And now that she knew Anne's sordid and shameful secret, she had a power, an influence over her such as none other possessed, and could restrain her and bring her to some reason when all else had failed. The Prince might entreat his wife to appear on some state occasion, and she would rudely refuse; but when Rénèe insisted, she would suffer herself to be attired and go.
So with a sigh Rénèe relinquished her fleeting dreams of freedom and a sane, wholesome life among her own people.
As she moved further into the city she felt with overmastering pain how lonely she was, how unutterably lonely; all the companies she passed—women together, families, men with their wives and sisters—emphasized the terrible feeling of her loneliness.
If it had not been for Philip and the Holy Inquisition, her life would not have been broken, her heart seared; she would have been as one of these; she would have had parents, money, position, friends, probably a lover—in a word, happiness.
Then she remembered that she was only one of thousands left desolate—perhaps more desolate than she was; fifty thousand, she had heard, had died under the Inquisition and the Edicts, and how many aching, maddened hearts had each of these deaths left behind? Rénèe felt rebuked in her complaint of her loneliness; she shuddered as she went down the hill to the church of Ste Gudule—shuddered though the spring breezes were soft and the spring sun warm.

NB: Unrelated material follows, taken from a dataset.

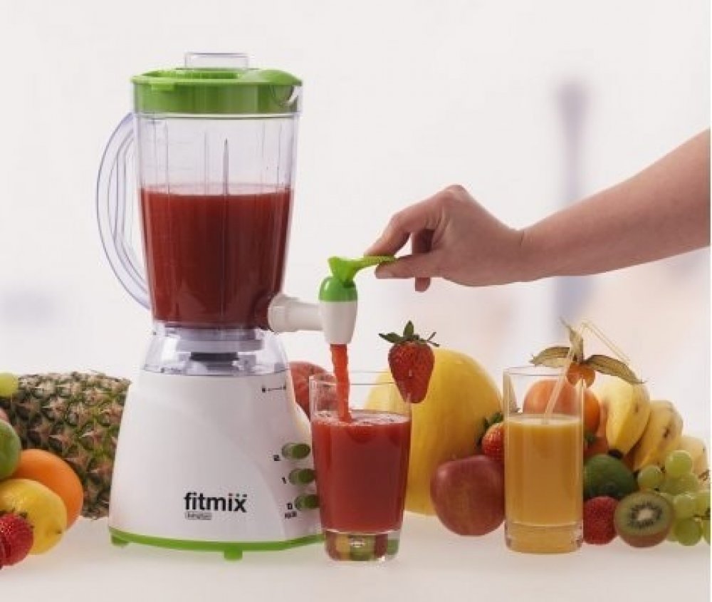 Fitmix- mixér s vysokým výkonem rozmixuje zeleninu, ovoce, ořechy, bylinky, perfektní pro výrobu zdravých smoothies, džusů, polévek a pokrmů. 4 „Piraňa“ nože s 10 000 ot./min, 3 světelná tlačítka k obsluze, dávkování díky integrovanému kohoutku na čepování.

On the steps of the church she paused and looked down at the city lying in the hollow of the hills, all the spires and vanes of the Town Hall and the palace, of the various guilds in the market-place rising delicate and erect into the pale and pure sky, while on all the irregular tumbled-looking roofs and gables the sun changed lead to gold and casement glass to diamonds.
She turned, lifted the heavy curtain at the low door in the greater door, and entered the church whose twin towers she had watched so constantly that they had come to mean to her the Papist power which dominated the land.

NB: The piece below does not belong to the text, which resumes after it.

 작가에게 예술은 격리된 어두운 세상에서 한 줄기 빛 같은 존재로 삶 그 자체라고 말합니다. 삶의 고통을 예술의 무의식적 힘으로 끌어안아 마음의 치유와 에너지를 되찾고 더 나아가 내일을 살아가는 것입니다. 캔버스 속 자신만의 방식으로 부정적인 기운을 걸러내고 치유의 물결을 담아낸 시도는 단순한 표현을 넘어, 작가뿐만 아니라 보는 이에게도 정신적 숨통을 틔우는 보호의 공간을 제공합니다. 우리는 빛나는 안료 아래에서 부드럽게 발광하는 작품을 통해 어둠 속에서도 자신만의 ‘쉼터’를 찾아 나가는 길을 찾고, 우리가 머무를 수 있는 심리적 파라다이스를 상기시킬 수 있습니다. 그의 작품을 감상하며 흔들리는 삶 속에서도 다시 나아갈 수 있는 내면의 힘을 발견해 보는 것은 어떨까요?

She had not been in a Romish church since she was a child and had crept into the great church of St. Baron at Ghent. She had not meant to enter this now, but a fascinated sense of horror drew her on—horror because she could not regard this faith with toleration; it stood to her for an epitome of idolatry, cruelty, wickedness, oppression, and uncharitableness.
She was not a Protestant by chance; her whole nature detested the Church of Rome. She stepped forward into the gloom, pulling her hood further over her eyes.
At first she could distinguish nothing but the seven thick wax candles burning on the altar and the red lamps flickering their eternal light before the shrines.